Friday, July 4, 2008

More of Michael's summary: "classroom" communicating in SL

All of the educators do seem to agree that the collaboration and helping behaviors that students exhibit through design and as a by product of the virtual environment represent benefits that are near to impossible to realize in the “flat web world” (two dimensional Learning Management Systems). It feels like a place where students from differing time zones and cultures can feel a “togetherness”. And many speak of the sense of presence and heightened level of social comfort afforded by the near anonymous and playful nature of the av as a representation of the self. Nearly all of the educators I spoke with agree that using a virtual 3D identity, as an extension of RL. will be common in the near future. It is just where we are going, and becoming proficient at living and learning in a second life will prove to be a survival tool.
I was interested in the extent to which courses taught using SL were completely in-world. The answer to this question is “it depends”. Most of the educators using SL as a teaching tool or environment seem to do so as a supplement to some RL classroom experience, although as educators become experienced using synthetic environments and new pedagogies move toward guided collaborative learning as the standard, a significant and growing number of courses are completely scheduled in-world, especially those that lend themselves toward distance learning technologies, with students and instructors participating from around the globe. The need for a RL location for anything more than an administrative center is diminishing.
Before I had any experience of educating in Second Life, I thought that the form of communication was a significant notion, one that might influence the appropriateness of using a virtual world. My question was born of my prior research into distance learning, and my assumption that asynchronous communication was a barrier to student engagement in learning. Not every undergraduate can feel in touch with his or her classmates when the mode of communication is much like email. It appears that the chat generation has already conquered that barrier. In SL, there are two nearly synchronous channels of text communication: one public, and one potentially private. In addition, Second Life introduced voice communication in 2006, which has evolved to the level of high quality synchronous voice-over-internet.

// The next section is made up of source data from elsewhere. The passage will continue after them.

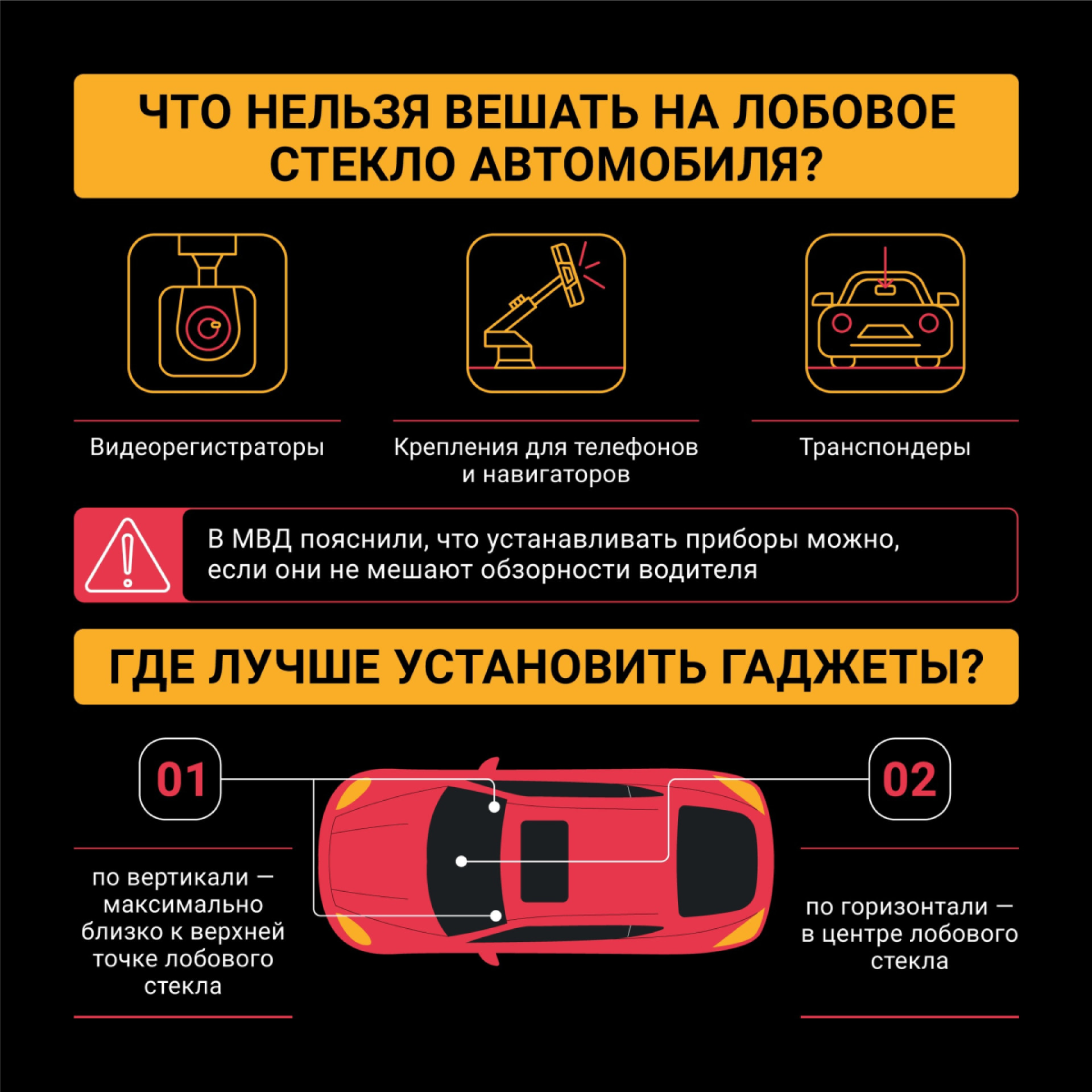 Как показано на инфографике, на лобовом стекле нельзя размещать видеорегистраторы, крепления для телефонов и навигаторов и транспондеры. При этом сотрудники МВД поясняют, что устанавливать сами приборы необходимо так, что они не мешали обзору.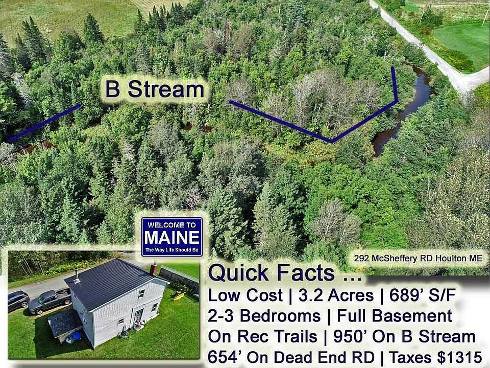 Package Real Estate Sale, Get A Home, 3.2 Acres Of Maine Land On The Waterfront!! Yes, Borders 'B' Stream For 950' And The McSheffery Road For 654'! Technically, The 2-3 Bedroom Home Is 292 McSheffery RD, The Extra Lot With Stream Frontage, Drilled Well, Septic Is 302 McSheffery RD! McSheffery RD Is Dead End Quiet! Welcome To Aroostook County. Video. Home Is Vinyl Sided, Metal Roof, Has Insulated Vinyl Windows. Tile Counter Top In The Modern Kitchen! Full Bath On 1st Floor With Tub & Shower. Wood Floors, Cedar And Pine Tongue N Groove Native Woodwork Through Out! Deep Cellar Is Full, Concrete Walls, Outside Entrance. Handy To The Rec Trails? Right At Your Door Step! Wildlife, Water, Privacy, Four Seasons Recreation. Low Cost Enought To Use As 'Your Camp Uptah Maine'. Or Starting Out, Why Keep Renting When You Can Own, Build Equity! Retirement Home, Works For That Need Too! Call, Email, Text, Let's Tour This Property Package In Houlton Maine! Country Living, Want Some?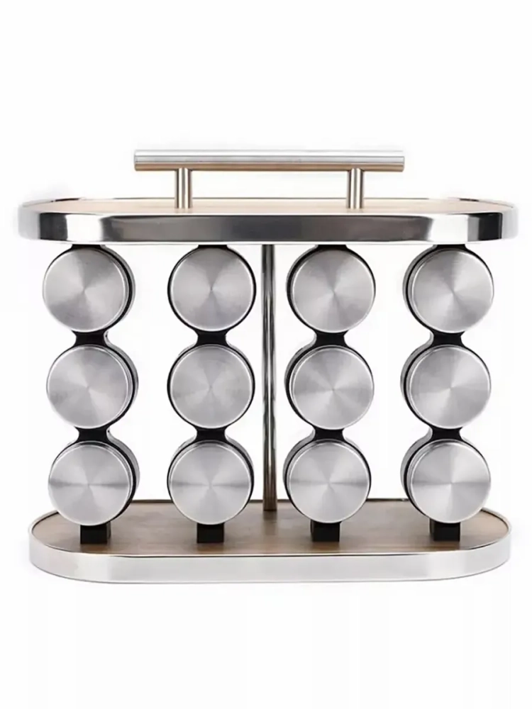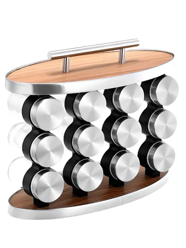 Каждой хозяйке на кухне необходим удобный и практичный органайзер для хранения специй. Когда приправы хранятся в пакетиках, они часто теряют свой вкус и становятся влажными. Однако, закручивающиеся баночки для специй не пропускают влагу и воздух, что позволяет сохранять приправы свежими и ароматными на протяжении длительного времени. Кроме того, хранение специй в организованном порядке делает кухню более аккуратной и эстетичной. Органайзер для специй является идеальным решением для тех, кто ценит современный стиль и высокое качество. Он выполнен из нержавеющего металла с элементами дерева, а баночки для специй изготовлены из прочного закаленного стекла. Дно контейнера для специй оснащено специальным противоскользящим покрытием, что обеспечивает надежную фиксацию подставки на любой поверхности. Прозрачные стенки стеклянных баночек позволяют видеть количество оставшихся приправ, что делает использование органайзера еще более удобным и практичным. Объем каждой баночки для хранения специй составляет 90 мл, а комплект включает 12 баночек.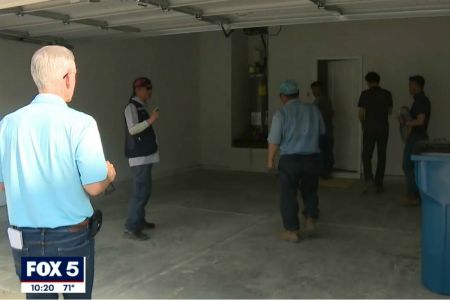 지난 8월 19일 애틀랜타 현지방송의 보도 장면. 탐사보도팀이 한국인 노동자들의 숙소를 급습하는 장면이다.(사진=Fox5 Atlanta 캡처)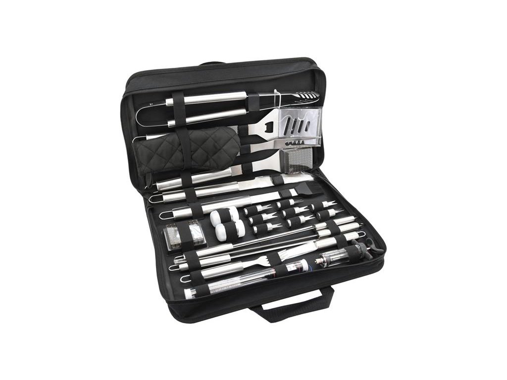 Sada obsahuje všetky nástroje na prípravu a konzumáciu najrôznejších pokrmov, ale aj následnú údržbu grilu. Všetky nástroje sú navyše kvalitne spracované z nerezovej ocele.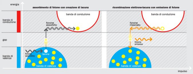 Visualizzazione della transizione di un elettrone dalla banda di valenza alla banda di conduzione (assorbimento di fotoni) e di ricombinazione elettrone-lacuna con emissione di fotoni.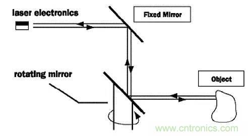這套發射/接收組件和旋轉鏡面結合在一起,能掃描至少一個平面。鏡面不只反射二極管發出去的光,而且也能把反射回來的光再反射給接收器。通過旋轉鏡面,能夠實現90到180度的視角,并且大大降低系統設計和制造的復雜度,因為鏡面是這里面唯一的運動機構。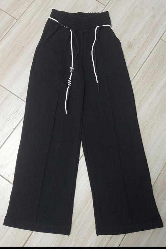 НОВИНКА! Весна! Спереді вистрочені оздоблюючим швом. Пояс - чорно-білий шнурок (в комплекті) Пояс на широкій резинці. Є кишені. Тканина - турецька двонитка петля, дуже гарної якості. Заміри: 140 довжина - 89см, крок - 63см, пояс - 26см, напівобхват бедер - 47см. 146 довжина - 91см, крок - 64см, пояс - 28см, напівобхват бедер - 48см. 152 довжина - 96см, крок - 69см, пояс - 29см, напівобхват бедер - 49см. 158 довжина - 96см, крок - 69см, пояс - 29см, напівобхват бедер - 49см. 🌴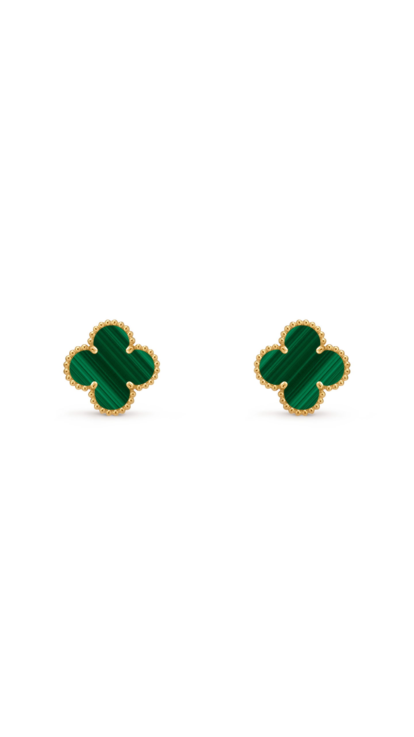 Одна з найбажаніших версій культової Alhambra. Сережки з глибоким зеленим малахітом — каменем сили, балансу та удачі, кожен з яких має унікальний природний візерунок. Саме тому двох однакових пар не існує.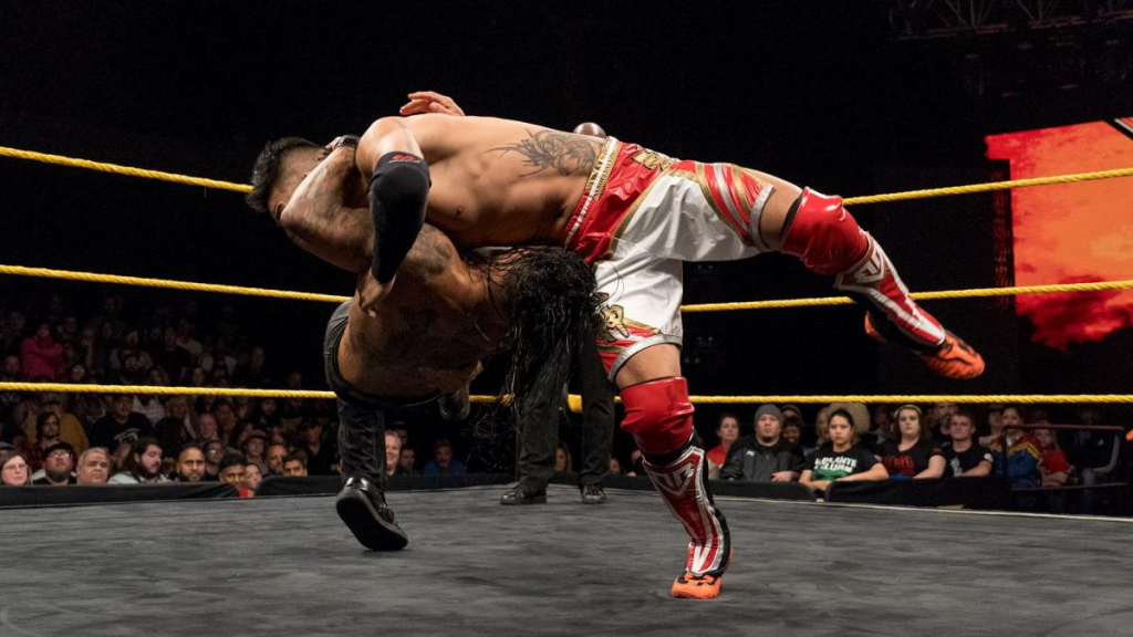 Last week on NXT: Breezango are a fully formed team again. They have new gear and really generic new music. Candice LeRae got beatdown in a parking lot by Io Shirai. Velveteen Dream made quick work of Kona Reeves before having his couch set on fire by Roderick Strong. Bianca Belair fucked around and beat Taynara. Jordan Myles cashed in his Breakout Tournament contract but could not dethrone NXT Champion Adam Cole.

There is no common mix of these channels in use during on in-world class, but there almost always seems to be a mix of all three. The Web2 student is proficient at managing multiple near synchronous chat conversations in addition to real time voice, and they use it all. Much as a RL brick and mortar class might, SL classes come to quick and organic agreement about the mix of signals, and who controls the voice. It is common for the instructor to hold the control of voice until students are invited to join, while the public chat is the formal classroom conversation and the private IM is the “backchannel”. Because for the next few years not all users will have the same voice technology available to them, some educators use text exclusively to insure that every student is receiving the same messages. An additional benefit might be gleaned by using the private IM channel as a group channel because an av can choose to have this chat saved to text, providing automatic lecture notes. Programs that activate gestures and mouth movements when an avatars driver uses voice are in development; these may change the dynamics of class communications somewhat.